Those with a more encyclopediac knowledge of nursery rhymes than I might automatically finish the blog post title with:
…all went together to find a bird’s nest.
They found a bird’s nest with five eggs in it.
Each took one and left four in it.
I told you I’d get excited about being able to click on the quotation function. This could be a case of Picasa 3 all over again, where I get giddy with excitement for a fortnight, then forget all about it. (It’s just a button I press on the making-a-blog-post screen…)
This is all a long preamble to talking about Shirley Jackon’s The Bird’s Nest (1954). Today’s post might be of more interest to American readers of Stuck-in-a-Book, since there seem to be a lot more copies available Stateside than in old Blighty. I had to read it in the Bodleian. Shirley Jackson is known to me as the author of The Haunting of Hill House (which I wrote about briefly here) and the brilliant We Have Always Lived in the Castle, which I’ll write about in October when the new Penguin paperback comes out in the UK. Having been very impressed by these chilling novels – very Gothic, not horror – I was really intrigued to see what Jackson’s pen made of multiple personality disorder. Or dissociative identity disorder, depending upon which guide you use.

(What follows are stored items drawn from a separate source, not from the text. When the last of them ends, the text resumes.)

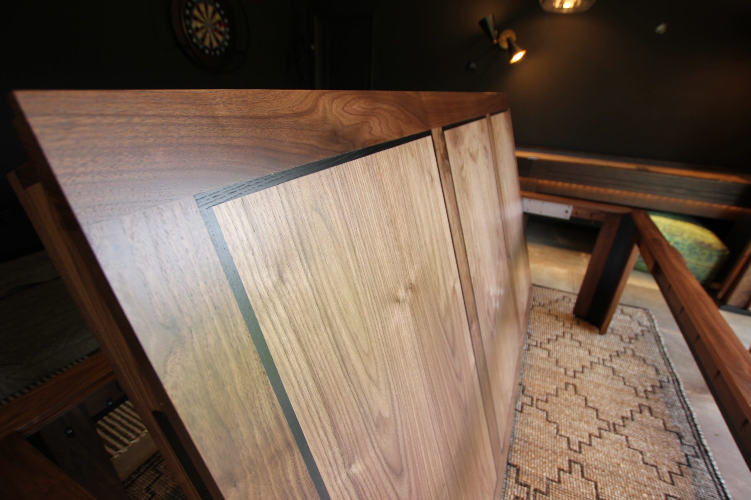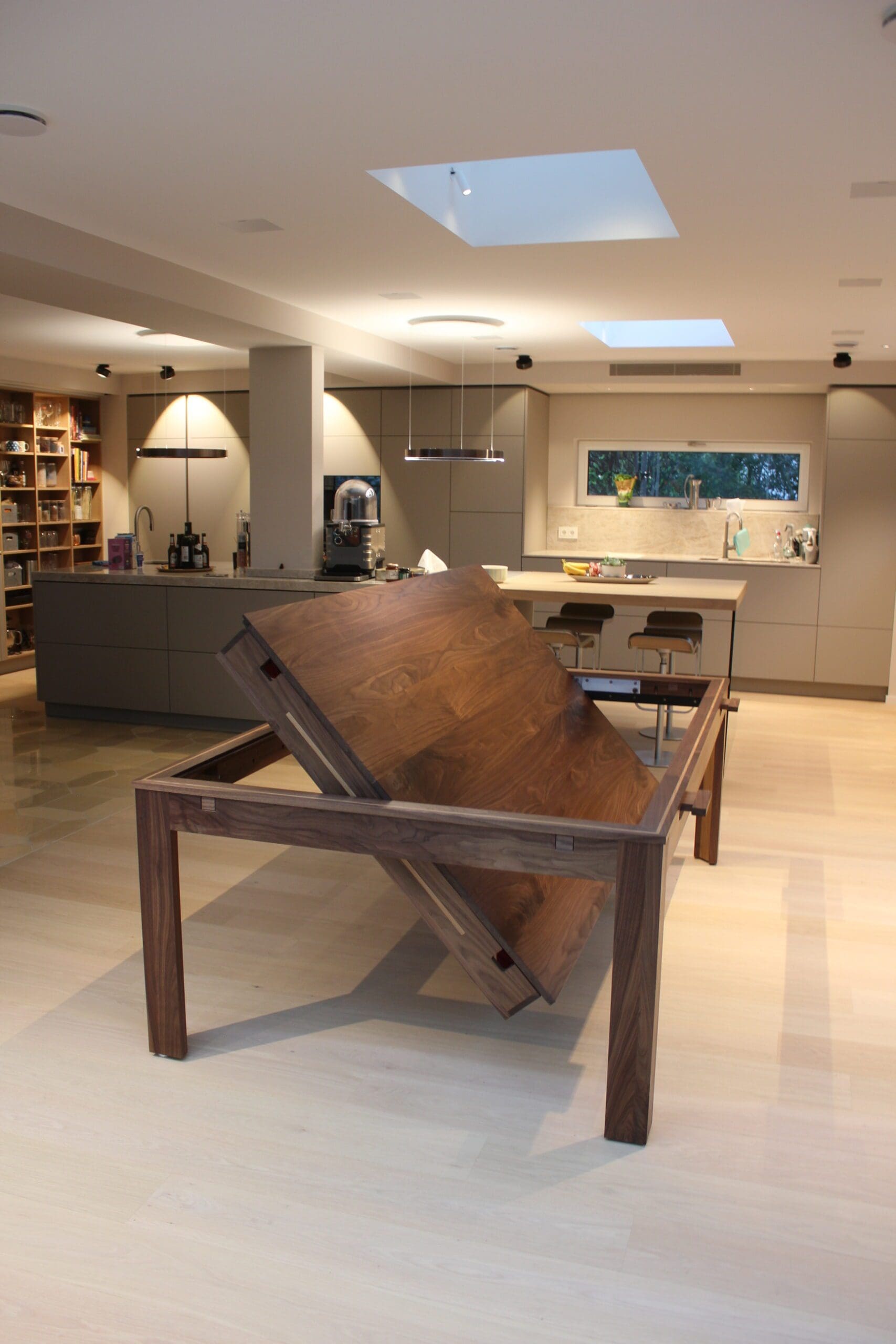 The rollover features a safety mechanism which comprises a Rack and Pinion gear system, including soft close dampers and pressurized cylinders to counterbalance the weight, resulting in smooth and effortless rotation from dining to pool table.
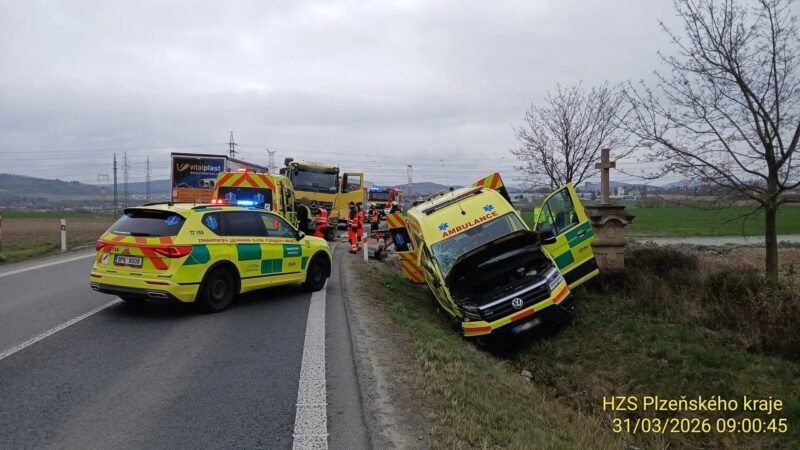 Dolní Lukavice – V úterý dopoledne došlo na hlavním silničním tahu I/27 na Plzeňsku k vážné dopravní nehodě. Sanitní vůz převážející pacienta se v úseku u Dolní Lukavice střetl s nákladním automobilem. V důsledku kolize skončilo záchranářské vozidlo mimo komunikaci v silničním příkopu.
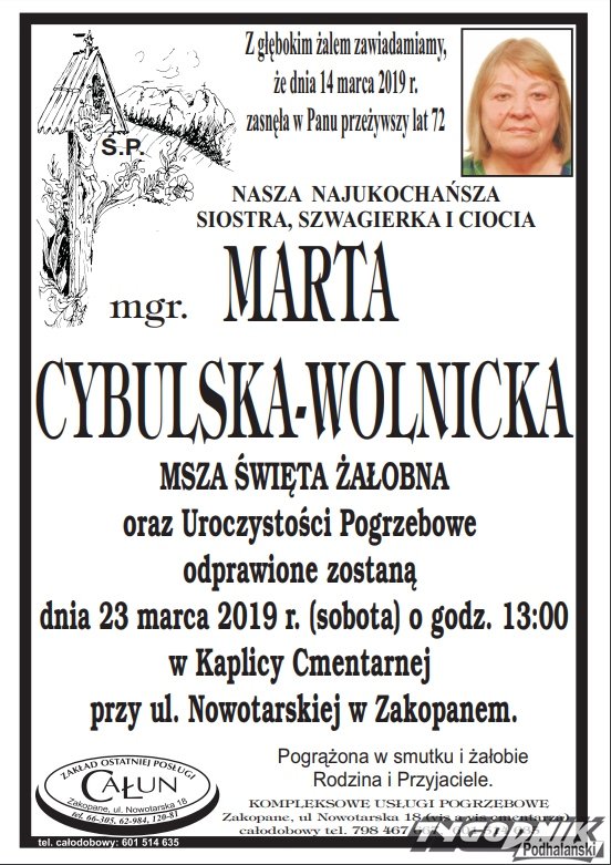 Pani Marta Cybulska Wolnicka była znaną działaczką Uniwersytetu Trzeciego Wieku w Zakopanem. Jej koleżanki wypowiadają się o niej w samych superlatywach.
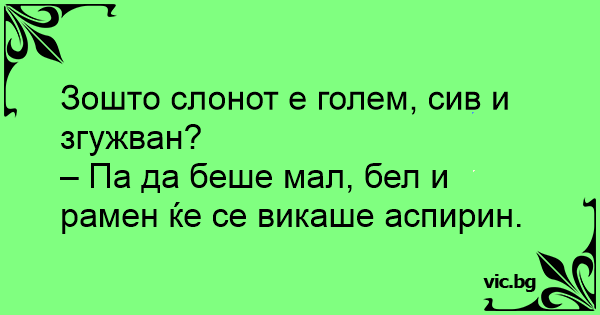 Зошто слонот e голем, сив и згужван? – Па да беше мал, бел и рамен ќе се викаше аспирин.
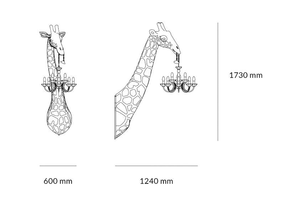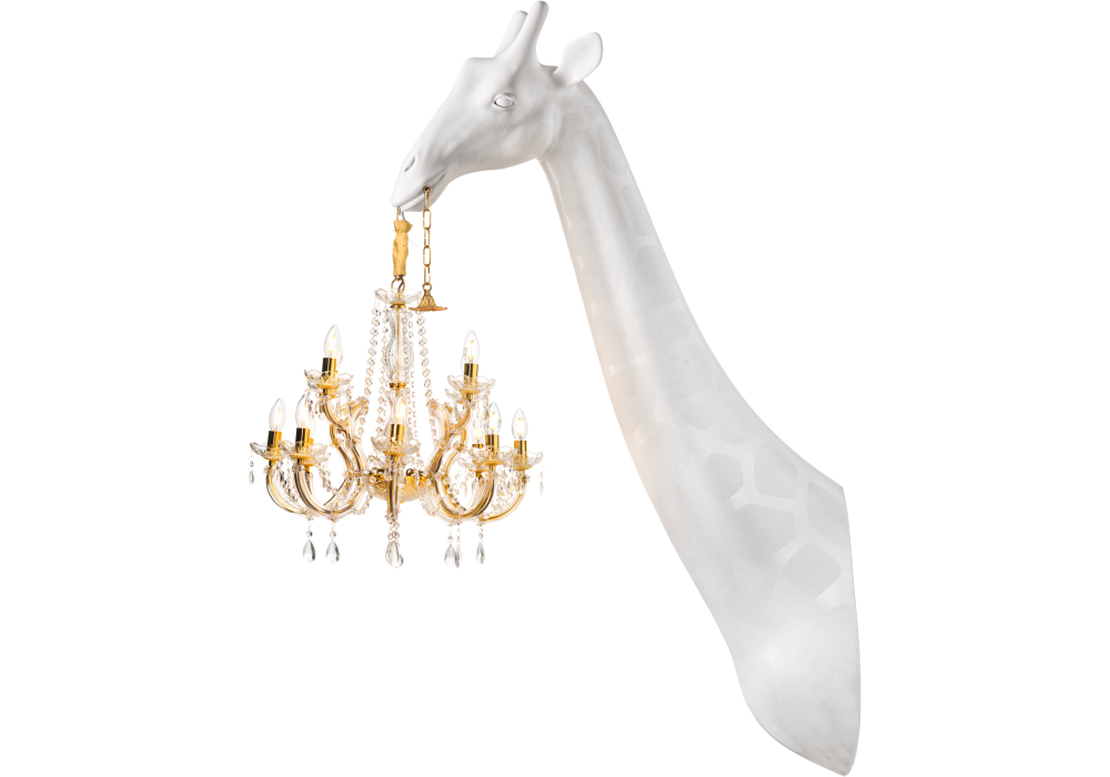 Giraffe in Love diseñada por Marcantonio para Qeeboo es una lámpara de pared realizada en polietileno, policarbonato y cristal disponible en diferentes acabados.
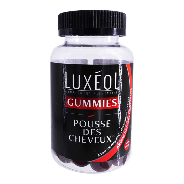 LUXEOL Gummies Pousse de cheveux, le complément alimentaire conditionné sous forme de gummies fruitées à base de plante, vitamines et minéraux, disponible dans votre parapharmacie en ligne à prix discount.
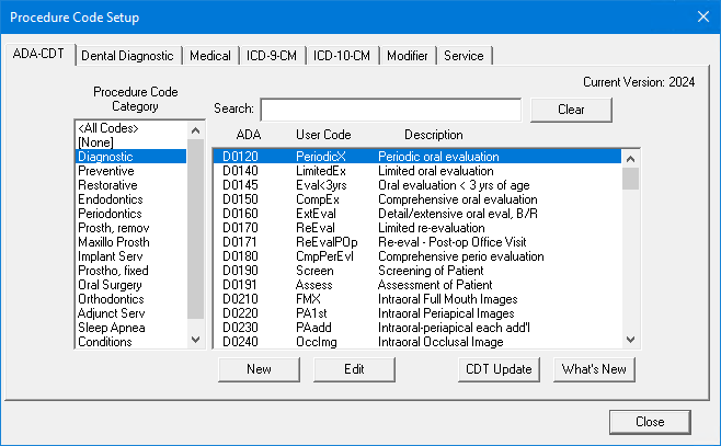 5. To complete the process for adding or editing ADA-CDT dental codes, click Adding ADA-CDT dental codes or Editing ADA-CDT dental codes, respectively.

For this is the central concept of The Bird’s Nest, which takes its title from that nursery rhyme. The novel starts with Elizabeth – reticent, uncharismatic, a little moody – who is experiencing headaches, insomnia, and occasional black-outs. With the help of Dr. Wright, it quickly becomes apparent that Elizabeth is only one personality amongst many – and the others become increasingly dominant. There is sweet, gentle Beth; feisty, selfish Betsy; airs-and-graces Bess. Much of the novel is from the perspective of Dr. Wright, debating his dealings with these personas, and pondering how to bring them all together into one being. (Lizzie, if you will. Or Elspeth or Eliza or Liz or Betty or Bette… what a versatile name Elizabeth is.) Other chapters are from the perspective of one of the four personalities – but towards the end of the novel these chop and change so quickly that it’s more or less a hotpot of different points of view. A film was made in 1957 (called Lizzie) and I’ve no idea how the actress, Eleanor Parker, managed to portray all these transformations.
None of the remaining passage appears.